⟨
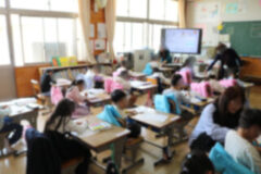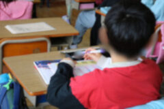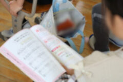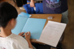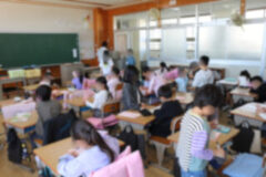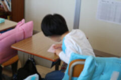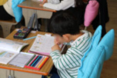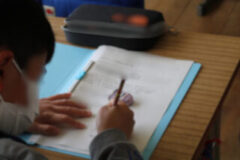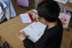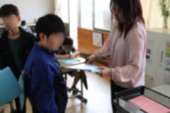ファイルに写しやすいように、プリントを外す子どももいました。
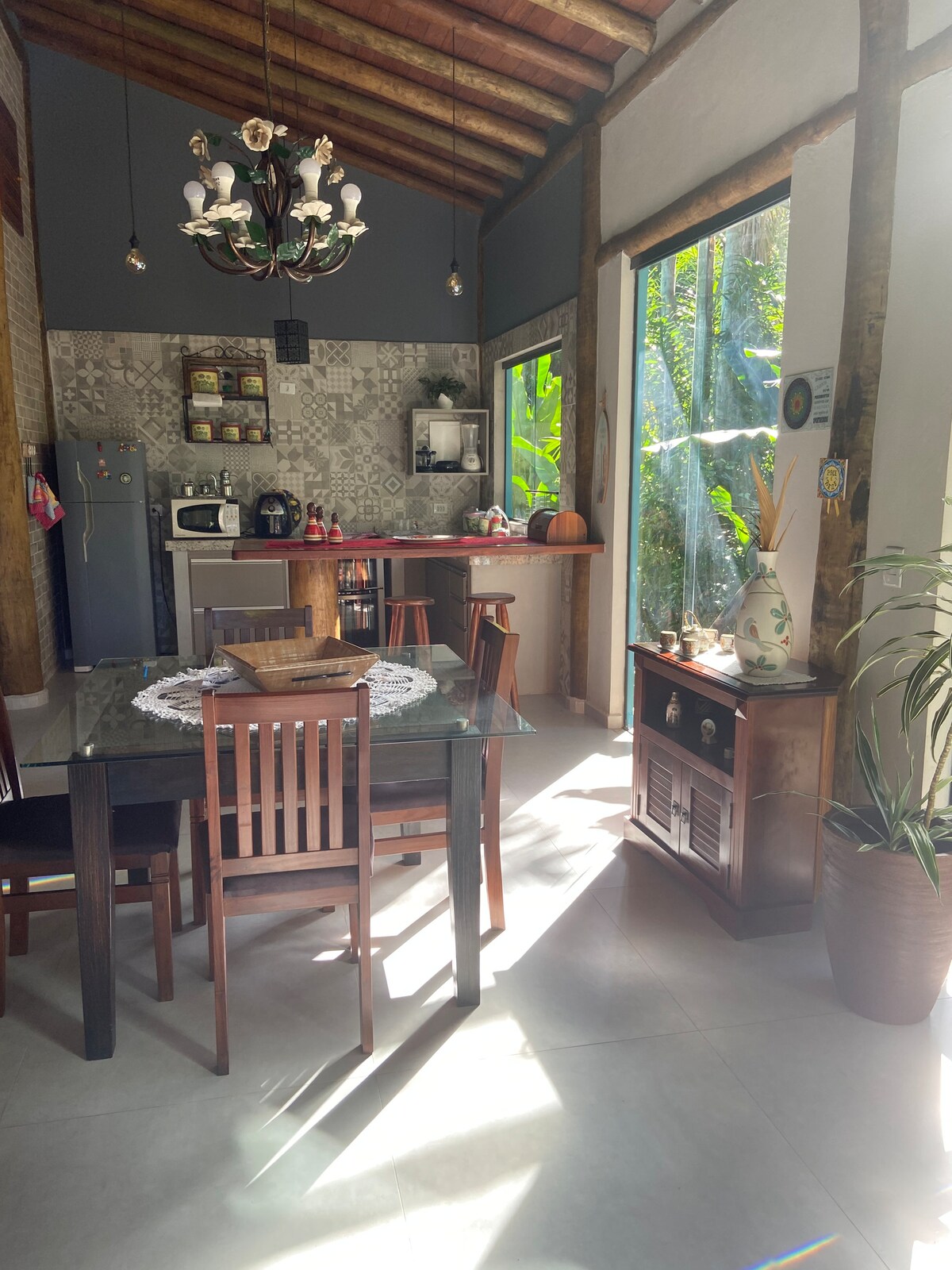 Kuća je integrisana u šumu, u krošnjama drveća, sa pogledom na more, unutar kondominijuma, na brdu u desnom uglu Praia do Feliks, u najljepšem i očuvanom dijelu opštine Ubatuba. Ovde se probudite uz zvuke Atlantske šume i talasa. Postoje 3 apartmana, viseće ležaljke, sofe, TV sa DVD-om, brzi internet i roštilj. Ovo je savršen dom za one koji žele da uživaju u miru i prirodi, sa svim spokojem svijeta.
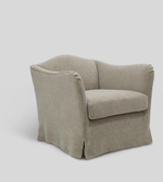 A cozy, slipcovered armchair with soft curves and a relaxed silhouette. Designed for effortless comfort, its fabric drape and plush cushioning bring a warm, lived-in elegance—perfect for calm, inviting interiors.
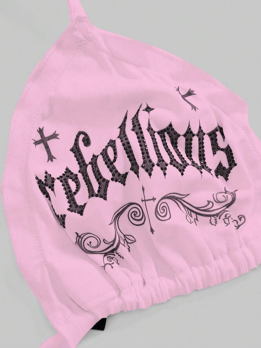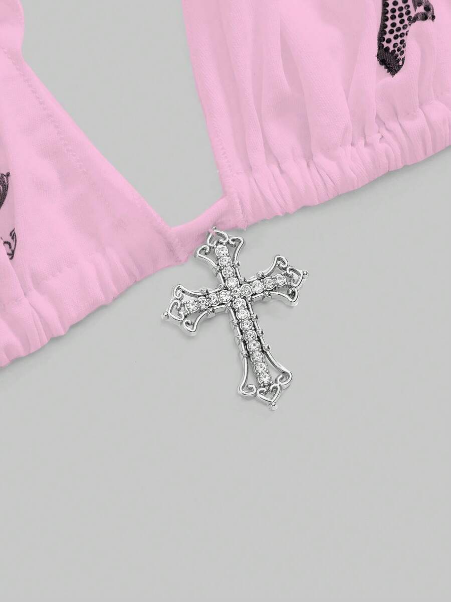 Y2K Sexy Gothic Cross Print Rhinestone Decor Halter Neck Bikini Top
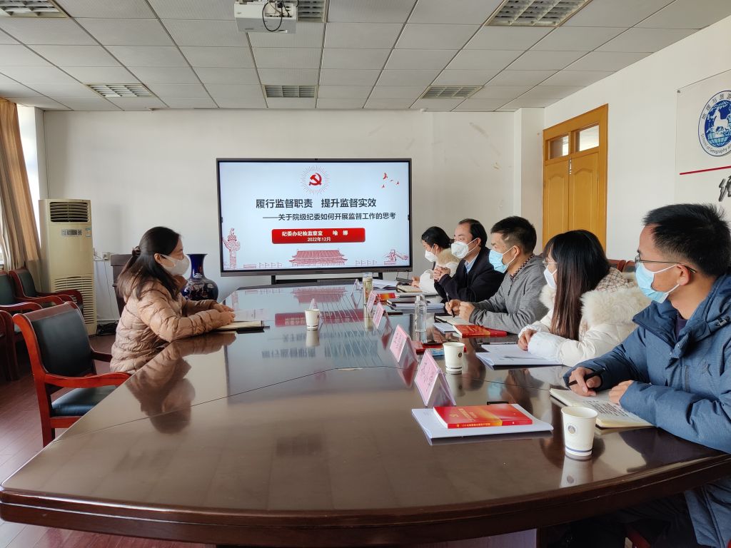 12月14日上午,8858cc永利唯一官网召开纪委工作专题学习培训暨纪委委员会议,校纪委纪检监察室主任喻娜应邀出席会议,为全体纪委委员作题为《履行监督职责 提升监督实效》的专题培训。会议由8858cc永利唯一官网党委副书记、纪委书记乔静主持。
⟩
About this task: Leaving the pictures out, give again word for word each line from the one holding "Y2K Sexy Gothic" through the end of the records.

Task output:
 Y2K Sexy Gothic Cross Print Rhinestone Decor Halter Neck Bikini Top
 12月14日上午,8858cc永利唯一官网召开纪委工作专题学习培训暨纪委委员会议,校纪委纪检监察室主任喻娜应邀出席会议,为全体纪委委员作题为《履行监督职责 提升监督实效》的专题培训。会议由8858cc永利唯一官网党委副书记、纪委书记乔静主持。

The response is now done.